FEMFACTS
15 Dec 2018

Think of the children!

Among many absurd tactics of campaigners against the Istanbul Convention, one manages to stand out. It’s a series of claims that the document designed to combat violence against women is - bad for children.

Tijana Cvjeticanin
Tijana Cvjeticanin Istinomjer, Bosnia and Herzegovina
Think of the children!  - NewsMavens
Lego, PixaBay

A Croatian website titled "The truth about the Istanbul’s (convention)" [sic] was the hub of a religious right campaign against the ratification of Istanbul Convention in Croatia. The website’s main “fact sheet”, titled Gender Ideology Worldwide, makes several claims about the supposed devastating effects of “gender ideology” on families and, most notably, children.

WHAT’S THE CLAIM?

One such claim describes the supposed widespread efforts to enforce “gender role reversal” in preschool children, forcing girls to play with “boys’ toys” and denying them their “natural girls’ toys” (and vice versa). The example given is:

One kindergarten in Washington has teachers banning boys from playing with “Lego”.

WHAT ARE THE FACTS?

The claim was lifted from various news reports of US-based media, taking place at Blakely Elementary School in Bainbridge Island, Washington. In October 2015, a local newspaper published reports that a teacher named Karen Keller had decided to withdraw “Lego” blocks from boys and offer them to girls only, as an effort to encourage girls to “fine-tune spatial and math skills”.

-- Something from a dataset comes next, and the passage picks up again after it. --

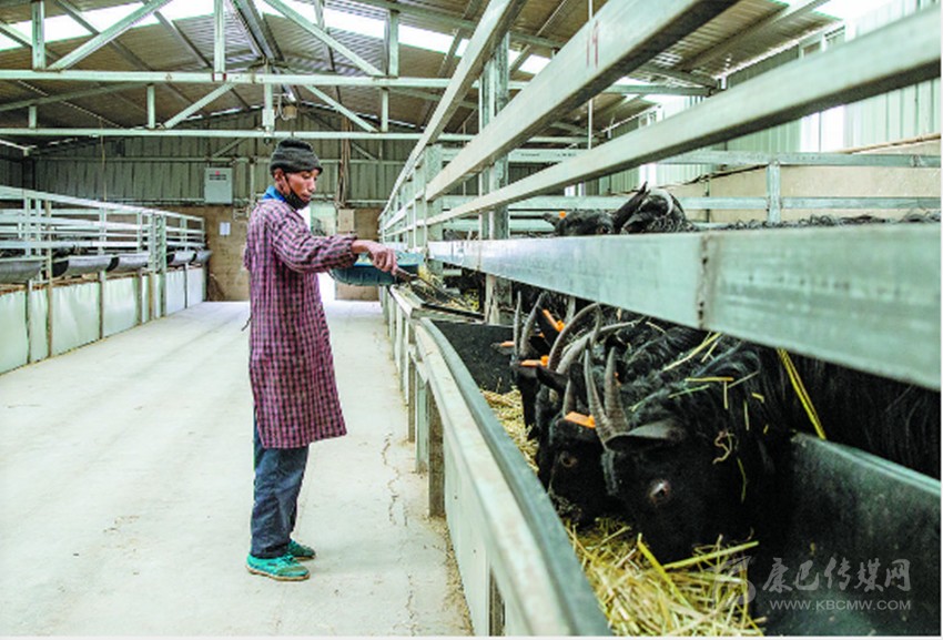 1月28日,白玉黑山羊燈龍保種繁育基地,村民向巴志瑪正在飼養(yǎng)黑山羊。養(yǎng)羊有工資、種草有收入,向巴志瑪說(shuō)自己是發(fā)了“羊財(cái)”。
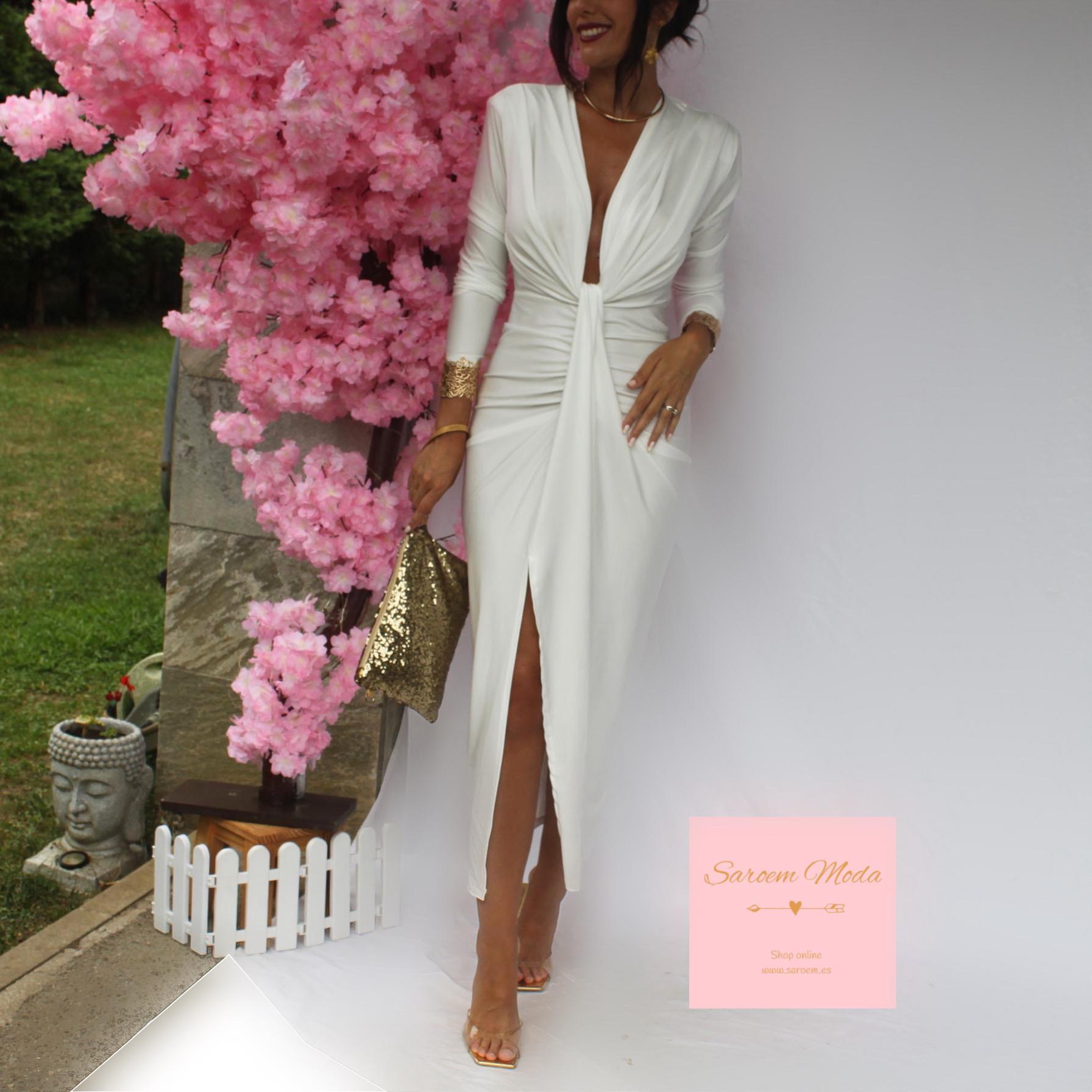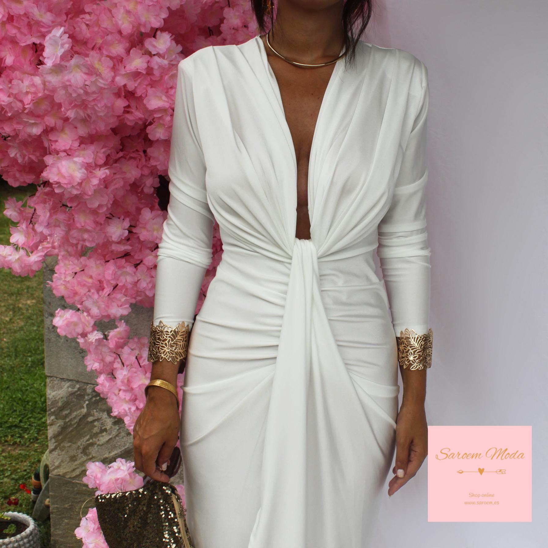 Vestido Damia Blanco Manga Larga

After a public backlash, the school published a statement explaining that it was the short- term isolated practice of a single teacher:

In keeping with a science, technology, engineering and math (STEM) education grant, Ms. Keller gave girls a designated time to play with the building toys during a 30-minute 'free-choice' time block in September 2015. This isolated, short-term practice ended in October. All students in all classrooms have and will continue to have access to all instructional and noninstructional materials.

So, while one teacher did report a similar practice, there was never a school-imposed ban on “Legos” for boys.

CONCLUSION

We rate this claim as disinformation and manipulation of facts, falling into the category of antifeminist backlash.